По лестнице спустилась торгующая сигаретами девушка в белом плюмаже. Ее одежды было достаточно для того, чтобы спрятать в ней зубочистку; одна ее длинная красивая нога была серебряного цвета, другая – золотого. Вид у продавщицы сигарет был в высшей степени надменный.

Я прошел в бар и уселся на высокий кожаный стульчик у стойки. Нежно звенели бокалы, мягко сияли лампы, тихие голоса шептали о любви, или о десяти процентах, или о чем-то еще, о чем принято шептать в подобном месте.

Высокий мужчина в сером костюме, скроенном ангелами, вдруг встал из-за маленького столика у стены, подошел к стойке и принялся поносить бармена. Он поносил его громким чистым голосом в течение очень длинной минуты и назвал приблизительно девятью словами того рода, которые красивые мужчины в серых великолепного покроя костюмах обычно не произносят. Все умолкли и спокойно наблюдали за ним. Его голос врезался в приглушенные звуки румбы, как лопата в снег.

Бармен стоял совершенно неподвижно и глядел на мужчину. У него были кудрявые волосы, чистая теплая кожа и широко расставленные внимательные глаза. Высокий мужчина, наконец, умолк и прошествовал к выходу. Все, кроме бармена, посмотрели ему вслед.
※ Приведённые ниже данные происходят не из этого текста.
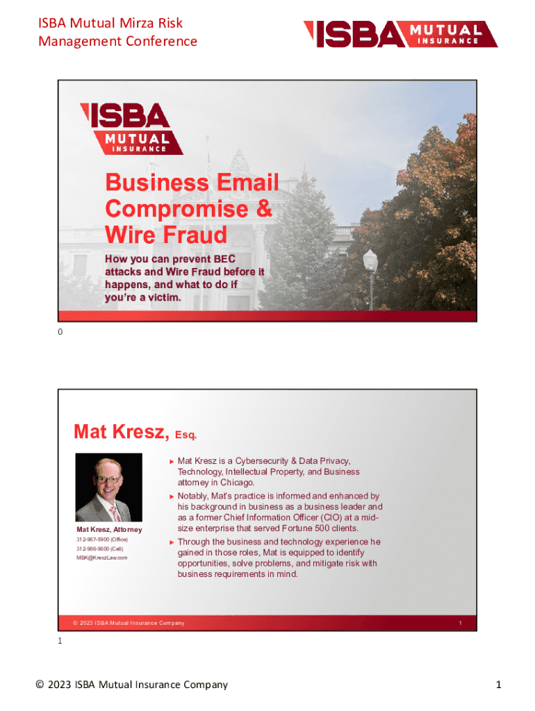 ISBAMutualMirzaRisk ManagementConferenceBusiness Email Compromise & Wire Fraud How you can prevent BEC attacks and Wire Fraud before it happens, and what to do if youre a victim. 0Mat Kresz, Esq.

Бармен медленно прошел к концу стойки, где сидел я, и встал, глядя мимо меня; на лице его не было ничего, кроме бледности.

Наконец он повернулся ко мне и сказал:

– Да, сэр.

– Я хочу поговорить с Эдди Пру.

– Так.

– Он работает здесь.

– Работает кем? – Его голос был абсолютно спокоен – и сух, как сухой песок.
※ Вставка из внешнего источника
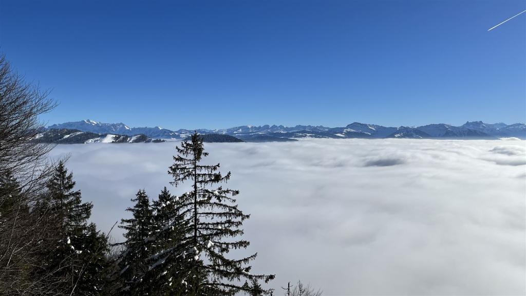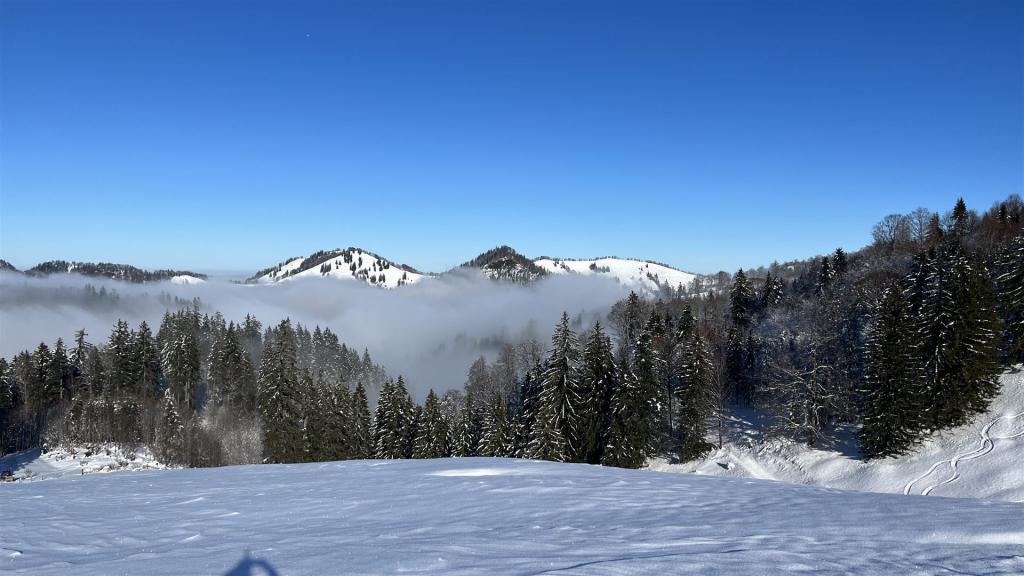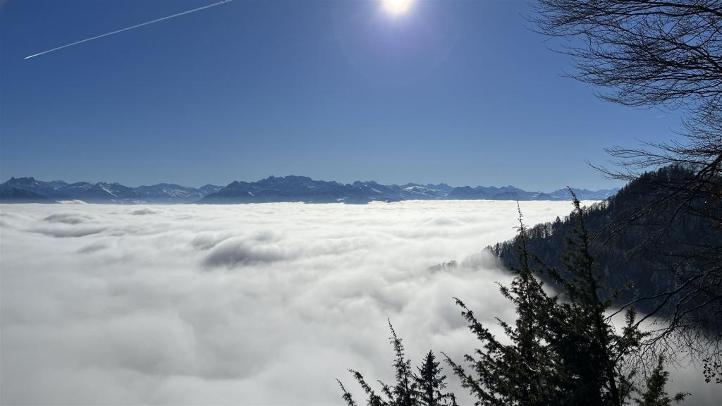 Wunderschöne Winterwanderung mit dem Super-Wetter. Unten Nebel, darüber Sonne mit blauem Himmel. Eine einmalige Stimmung.

– Я так понял, что ходит по пятам за боссом. Если вы понимаете, о чем я говорю.

– О Эдди Пру. – Он медленно пожевал губами и механически поводил полотенцем по стойке – маленькими жесткими кругами.

– Ваше имя?

– Марлоу.

– Марлоу. Что-нибудь выпьете, пока будете ждать?

– Сухой мартини пойдет.

– Мартини. Очень, очень сухой.

– О'кей.

– Вы его будете есть ложкой или ножом и вилкой?

– Нарежьте соломкой, – сказал я. – Я просто погрызу.

– Собирая тебя в школу, сынок, положить ли тебе в портфельчик оливку?

– Можете влепить мне ею в нос, если вам от этого станет легче.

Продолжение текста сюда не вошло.